Re: [PATCH] mm/page_isolation: fix a deadlock with printk()

Qian Cai <cai@xxxxxx> · Fri, 04 Oct 2019 14:53:02 -0400

On Fri, 2019-10-04 at 19:47 +0200, David Hildenbrand wrote:
> On 04.10.19 18:42, Qian Cai wrote:
> > It is unsafe to call printk() while zone->lock was held, i.e.,
> > 
> > zone->lock --> console_sem
> > 
> > because the console could always allocate some memory in different code
> > paths and form locking chains in an opposite order,
> > 
> > console_sem --> * --> zone->lock
> > 
> > As the result, it triggers lockdep splats like below and in [1]. It is
> > fine to take zone->lock after has_unmovable_pages() (which has
> > dump_stack()) in set_migratetype_isolate().
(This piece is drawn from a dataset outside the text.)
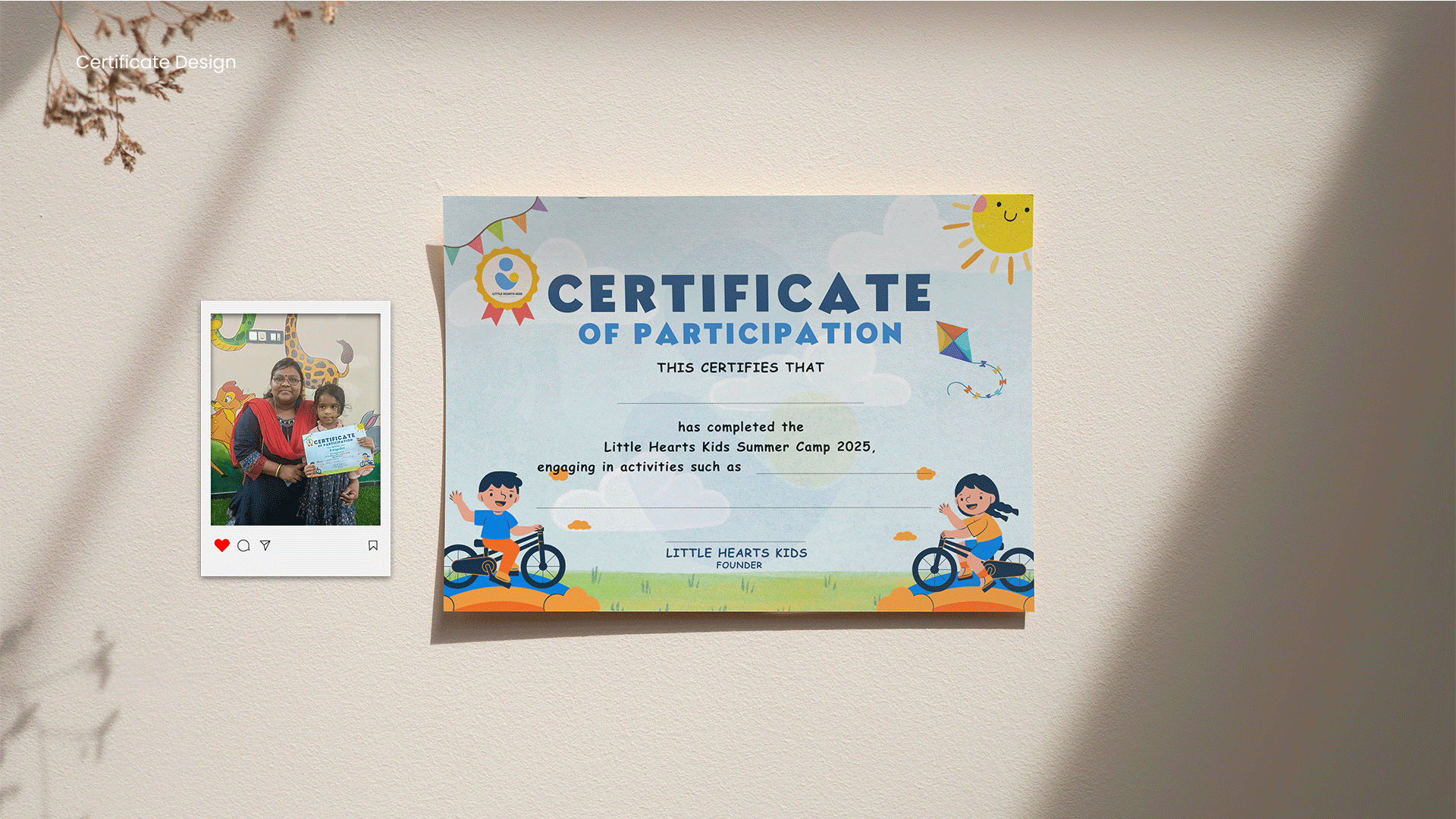 Participation and achievement certificates were designed with cheerful illustrations and soft colors, making children feel proud while maintaining official credibility for parents.

While at it, remove a
> > problematic printk() in __offline_isolated_pages() only for debugging as
> > well which will always disable lockdep on debug kernels.
> > 
> > The problem is probably there forever, but neither many developers will
> > run memory offline with the lockdep enabled nor admins in the field are
> > lucky enough yet to hit a perfect timing which required to trigger a
> > real deadlock. In addition, there aren't many places that call printk()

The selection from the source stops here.